Spring is here! For those of you out there who, like me, associate the change in weather with what fruits and veggies are in season, spring is a wonderful time for all things green and delicate.
Springtime in the food universe is best known for “young” vegetables such as squash blossoms, baby kale, and peas (just to name a few). This means the farmer’s market is a very exciting scene right around this time of year. I for one power walked through the masses with my tote bag and bee-lined for the vendor I knew would have the freshest squash blossoms. Low and behold, it wasn’t the squash blossoms I went home with, but the mulberries!
Mulberries might not seem like anything to get worked up over, and most people don’t even know what they look like. Me included until last week if I’m being honest. Their flavor is a lot more delicate than the tang of a blackberry, with some of the floral notes of a blueberry. Basically if a blueberry and a raspberry had a baby, it would be the mulberry. All you really need to know is that they taste amazing in scones.
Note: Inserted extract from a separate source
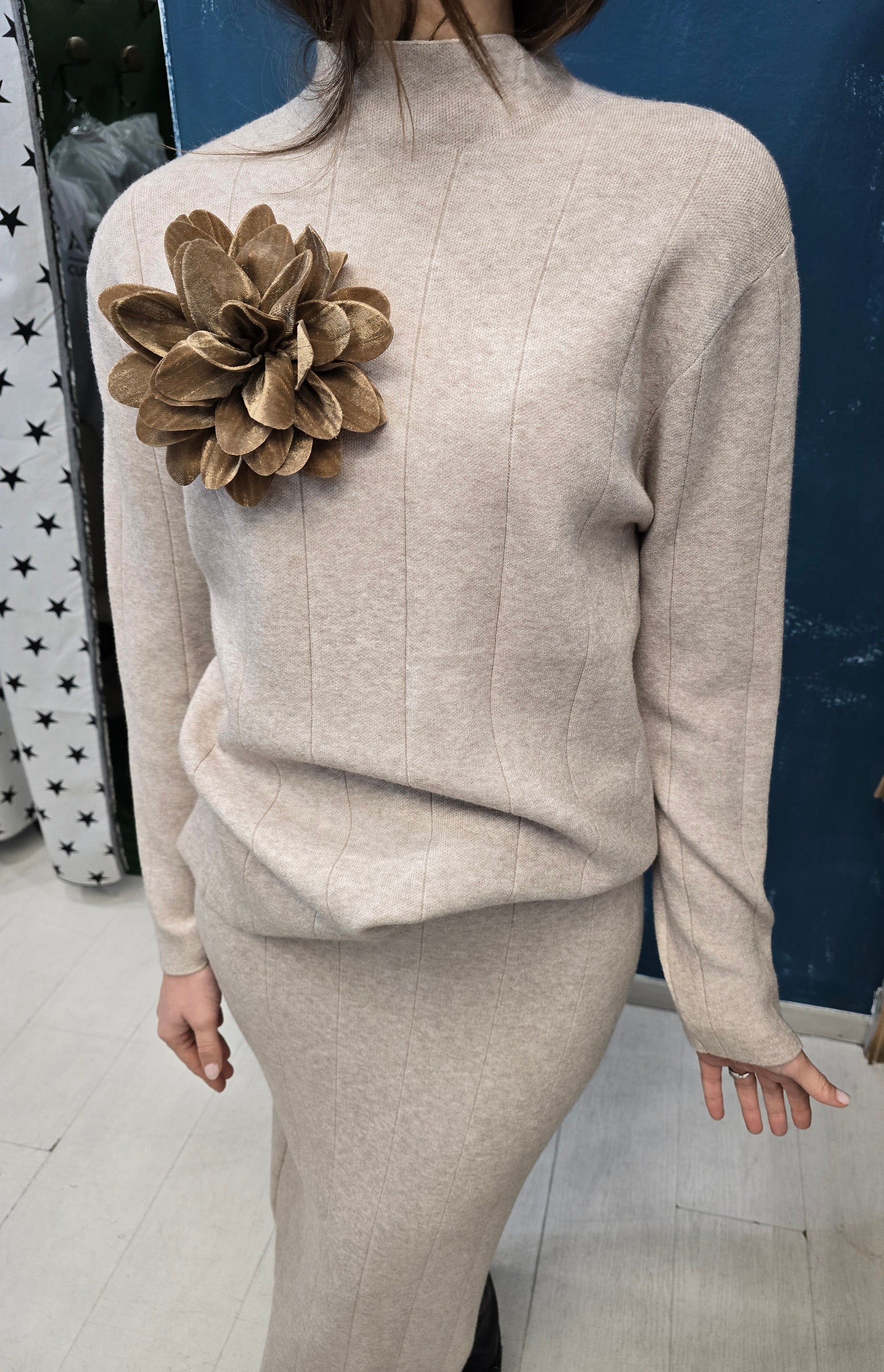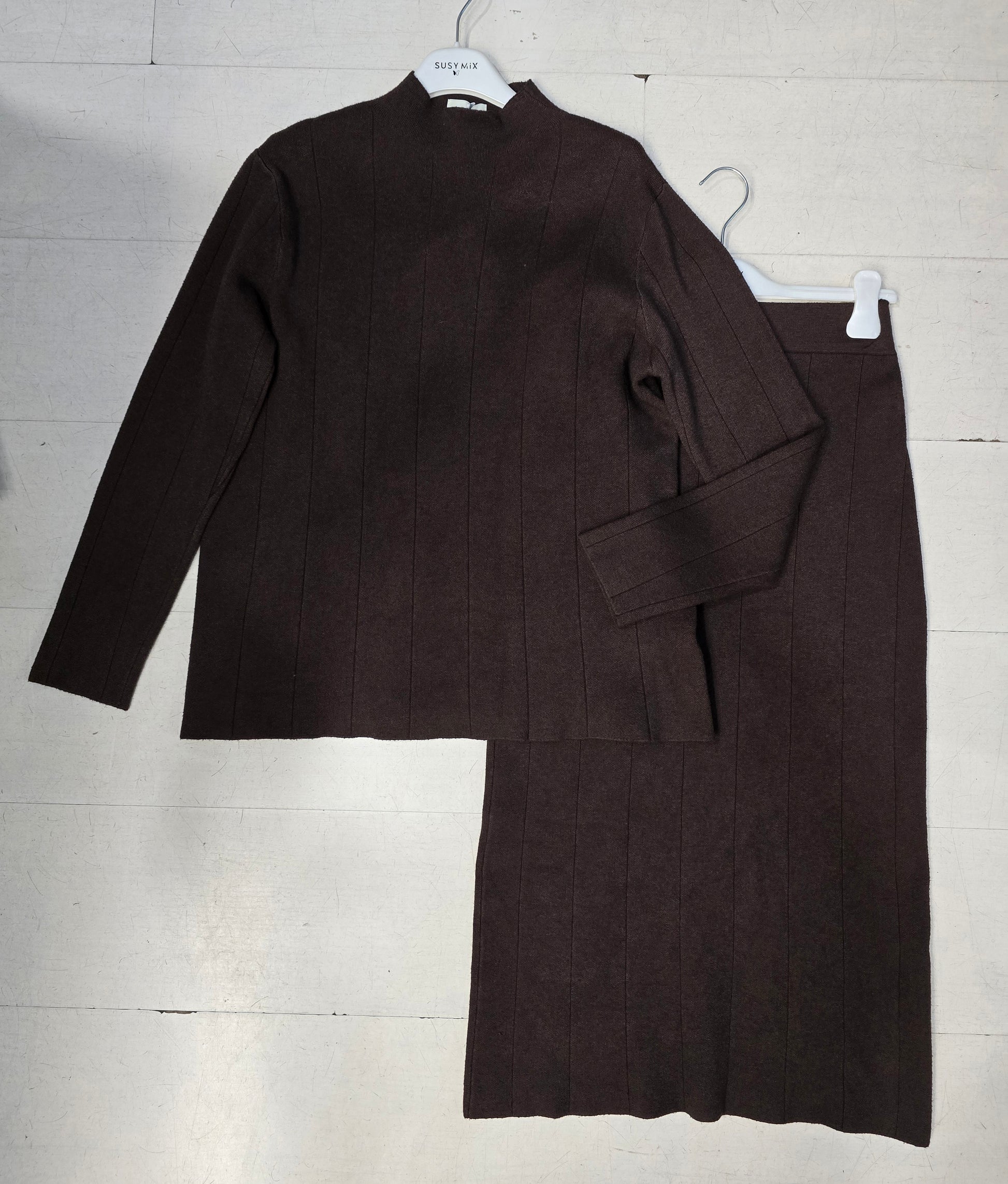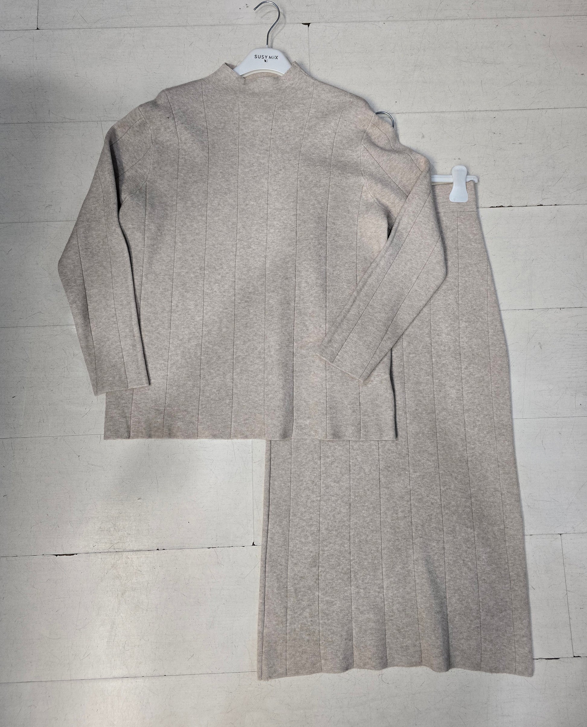 Completo in maglia a costa larga composto dalla maglia con collo a lupetto e con taglio morbido e gonna longuette con elastico in vita a tubino von vestibilità slim in taglia unica con vestibilità fino ad una 48 massima

Makes 9-12 scones depending on how you cut them.
Ingredients:
- 4 3/4 cups flour
- 1 cup + 1 tbsp cold butter (unsalted)
- 3/4 cup sugar
- 1 1/2 cups buttermilk
- 1 tbsp baking powder
- 2 tsp baking soda
- 1 tsp salt
- 1 cup mulberries (you can estimate this)
- 1 egg
- turbinado sugar (for dusting)
Kitchen Tools: baking sheet, parchment paper, colander, whisk, pastry brush, pastry blender (optional)
Prep Work:
Chunk up your butter into about 1/2″ cubes. Place in a bowl in the freezer. Lightly rinse your mulberries in a colander and carefully pay dry with paper towels. Remove mulberry stems and discard. Use scissors or a knife to cut mulberries into 1/2″ long sections.
Cooking:
Preheat your oven to 400*F. Combine flour, baking powder, baking soda, sugar and salt in a mixing bowl. Whisk until fully combined. Take out your butter and incorporate it into the dry ingredients using a pastry blender or by breaking up the cubes with your hands until the butter is in pea-sized chunks and evenly distributed through out the mixture. (If doing this by hand, give yourself a solid 10 minutes to complete this part).
Fold in mulberries and pour in the buttermilk. Stir with a wooden spoon until the dough sticks together when pressed between your hands but still looks a little dry. If dough doesn’t stick together, add buttermilk 1 tbsp at a time until it does.
Flour a work surface and dump out your dough onto it. Use your hands to shape the dough into about a 1″ thick rectangle. Slice down the middle on the short side twice to create three equal sized thinner rectangles. Cut each of these into three triangles.
Place parchment paper on baking sheet and set scones on parchment about 1-2 inches apart. Whisk egg in a small bowl and use a pastry brush to brush the tops of the scones. Sprinkle with turbinado sugar. Bake for 20-25 minutes until tops of scones are just starting to get light brown. Serve with jam and fresh butter.
Tips + Tricks:
- You can replace mulberries with any other berries that suit your fancy
- I really recommend a pastry blender to incorporate the butter. Using your hands sounds great in theory but it can seriously take forever.
- How you cut the scones is up to you. As long as they’re about an inch or so thick the shape is entirely up to you!